An AAS evaluation was performed to assess the essential amino acid score. The AAS scores for His, Ile, Leu, Phe + Tyr, Thr and Val in the grains of foxtail millet were significantly higher than their scores in the FAO/WHO/UNU standards (>100%). Of these amino acids, Leu had the highest AAS scores in the E1, E2 and E3 planting environments, with values ranging from 83.64 to 199.28%, from 78.78 to 180.25% and from 71.93 to 176.40%, respectively. Subsequently, the second highest AAS score was observed for Phe + Tyr in the E1, E2 and E3 planting environments, with values ranging from 94.39 to 171.43%, from 96.30 to 174.25% and from 91.73 to 176.89%, respectively. Based on our analysis, the limiting amino acid was Lys, with AAS scores of 23.97~40.31% in the three planting environments (Figure 4b; Tables S5–S7).

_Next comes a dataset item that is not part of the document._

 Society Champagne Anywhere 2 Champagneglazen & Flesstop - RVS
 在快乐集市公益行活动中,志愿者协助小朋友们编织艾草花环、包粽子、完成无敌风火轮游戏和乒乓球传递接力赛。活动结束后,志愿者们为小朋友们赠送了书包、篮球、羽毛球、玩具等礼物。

The protein quality of 10 accessions from 3 environments were tested next. The EAAI is used to evaluate the protein quality of food by measuring the geometric mean of EAAs in proteins. The closer the EAAI value is to 100 indicates the closer the EAA composition is to the standard protein in the tested protein sample, suggesting a higher nutritional value in the tested sample. For E1, 4 out of 5 high-TPC accessions had high-EAAI scores (more than 90%). Among those four accessions, B139 had the highest EAAI score of 103.31%. For E2, all five high-TPC accessions had high EAAI scores (more than 90%). Specially, B28 had the highest EAAI score of 108.2%. For E3, four of five accessions had high EAAI scores (more than 100%). Among them, B331 had the highest EAAI score of 107.11% (Tables S8–S10). In summary, accessions B139, B28 and B331 had good protein quality in all three environments according to the EAAI score. In contrast, the varieties with low TPC had low EAAI scores in the three environments, ranging from 57.30 to 71.83%, which is not surprising (Tables S8–S10).

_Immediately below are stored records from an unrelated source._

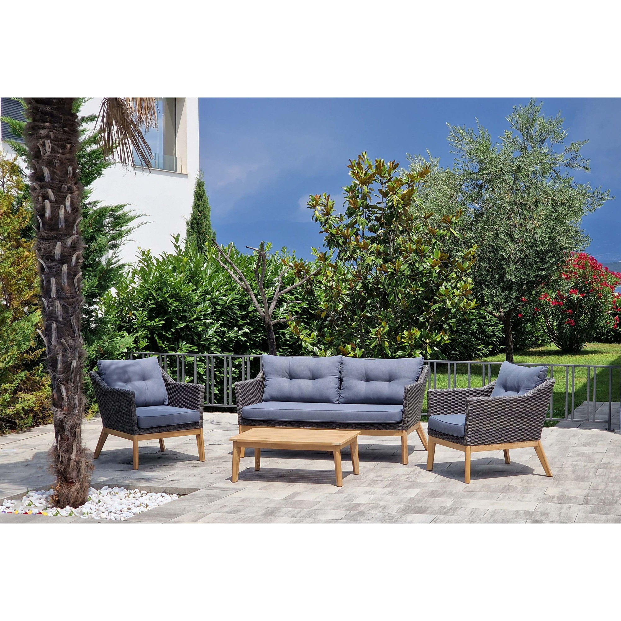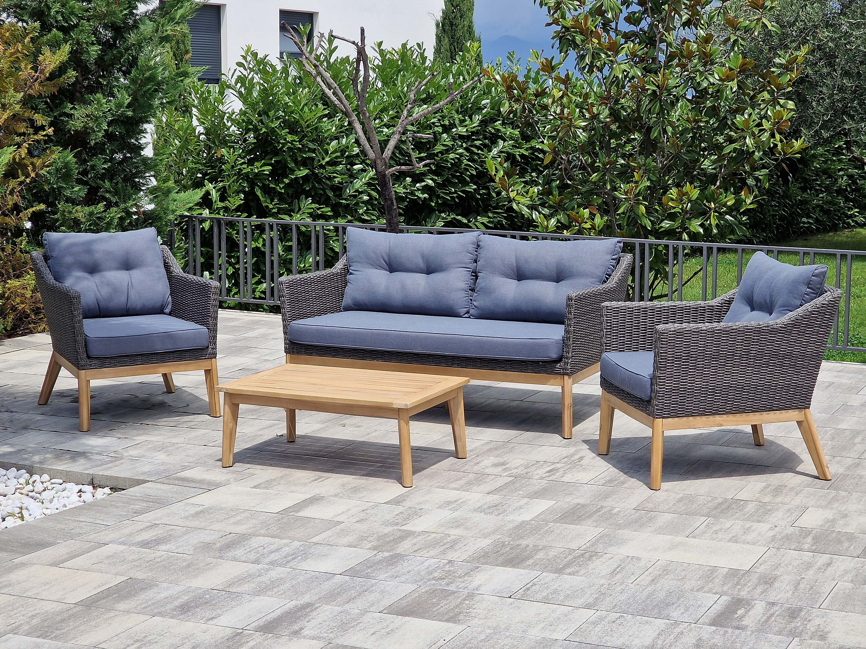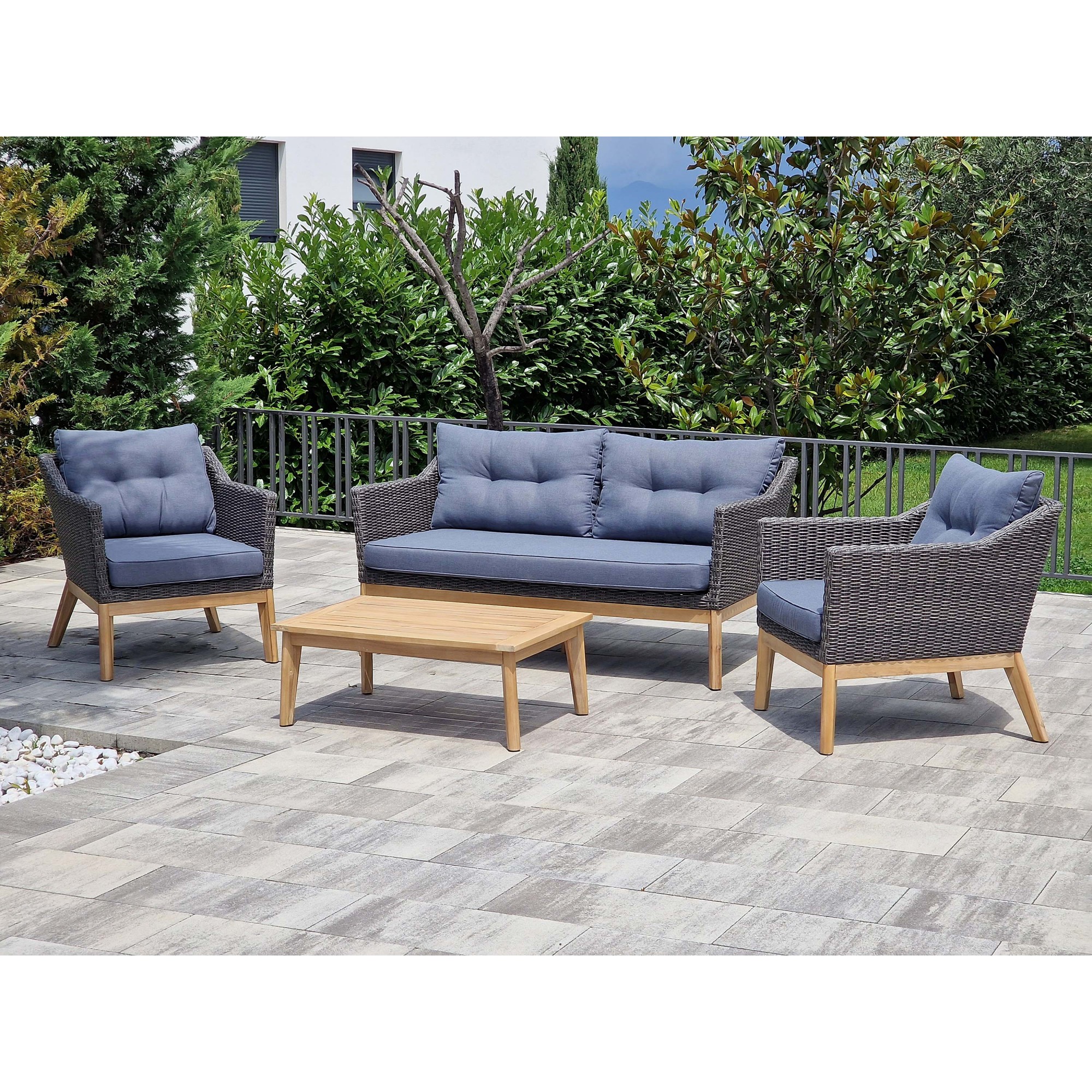 Rattan Gartensitzgruppe 4-teilig dunkelgrau mit Kissen
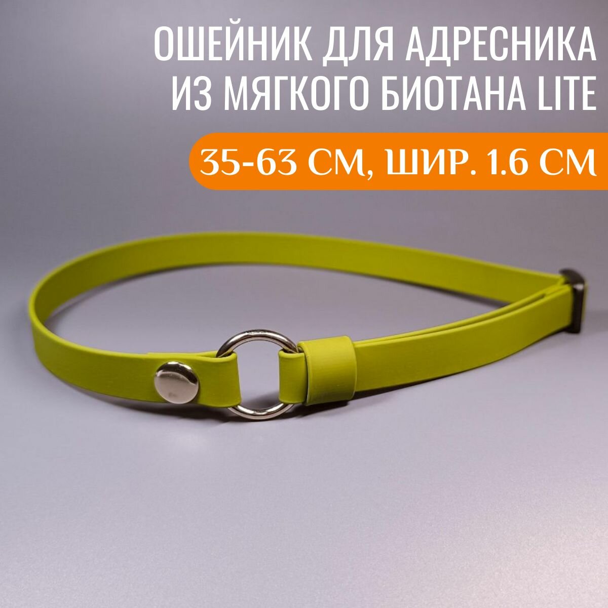 R-Dog Тонкий ошейник из мягкого биотана Lite для адресника, цвет зеленое яблоко, 35-63 см, ширина 1,6 см
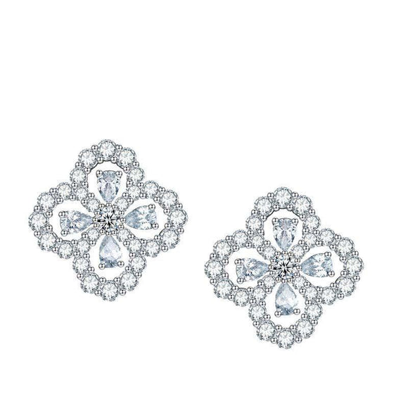 【#185 Clover Earring】Moissanite earrings with 925 Sterling Silver Anniversary Auspicious Wedding Engagement Jewelry Synthetic Moissanite
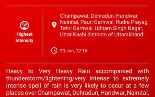भारतीय मौसम विज्ञान विभाग के पूर्वानुमान अनुसार 29 एवं 30 जून 2025 को उत्तराखण्ड के देहरादून, उत्तरकाशी, रुद्रप्रयाग, टिहरी, पौड़ी...
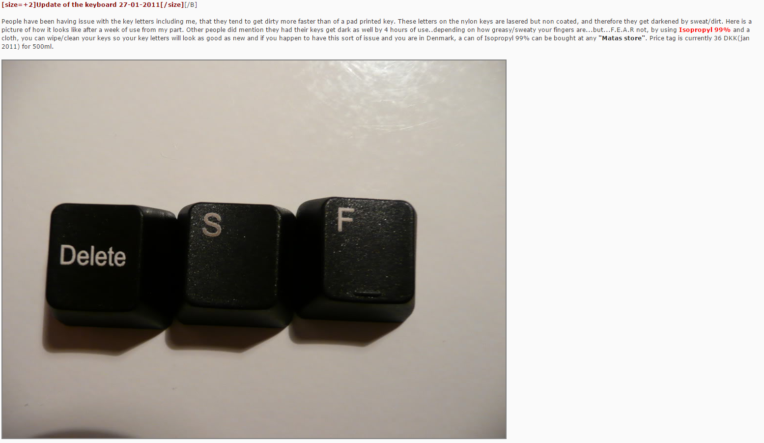 Не прошло и двух недель,как уже маркировка клавиши А,стёрлась в гавно ноль почти.Все белые,она уже серая.И то,надолго ли?На W/S/D тоже заметны симптомы.Всё что делал,перепрошёл Crysis и Crysis Warhead+печатки чуток...Неприятный сюрприз от клавы за 100Eu.

The greater AAS and EAAI values of the crop grains suggested that they have a balanced amino acid composition and therefore higher protein quality [32]. Previously, a report on the amino acid profiles of foxtail millet showed that Glu, Leu, Pro and Ala were the principal amino acids, and Lys was a limit amino acid [33]. Our results showed that the AAS values of seven EAAs, except Lys, in most foxtail millet accessions were more than 100%. This result suggested that foxtail millet grains could be a good-quality protein source for the human diet and animal feedstock, which is consistent with previous reports. However, our study also confirmed that Lys was still the first limiting amino acid in foxtail millet grains, similar to the scenario in other cereal crops.
The free amino acids accounting for the different tastes in the grains of 10 foxtail millet accessions were further evaluated (Table 3). The fresh, bitter and sweet amino acids accounted for 29.10 to 30.35%, 26.77 to 27.77% and 41.88 to 43.76% of the total amino acid species, respectively. Specifically, the accession containing the most of the three flavor amino acids was B139, with 30.35% fresh amino acids, 27.77% sweet amino acids, and 41.88% bitter amino acids. The differences in content of good (delicious and sweet amino acids) and bitter amino acids were analyzed for the 10 accessions of foxtail millet grains. The results showed that B139, with more good taste amino acids (16.24% more than bitter amino acids) could be a fresher accession because of its higher fresh and sweet amino acid contents. In contrast, B413 was less tasty according to our flavor-related amino acid analysis (only 12.48% difference in good and bitter taste amino acids).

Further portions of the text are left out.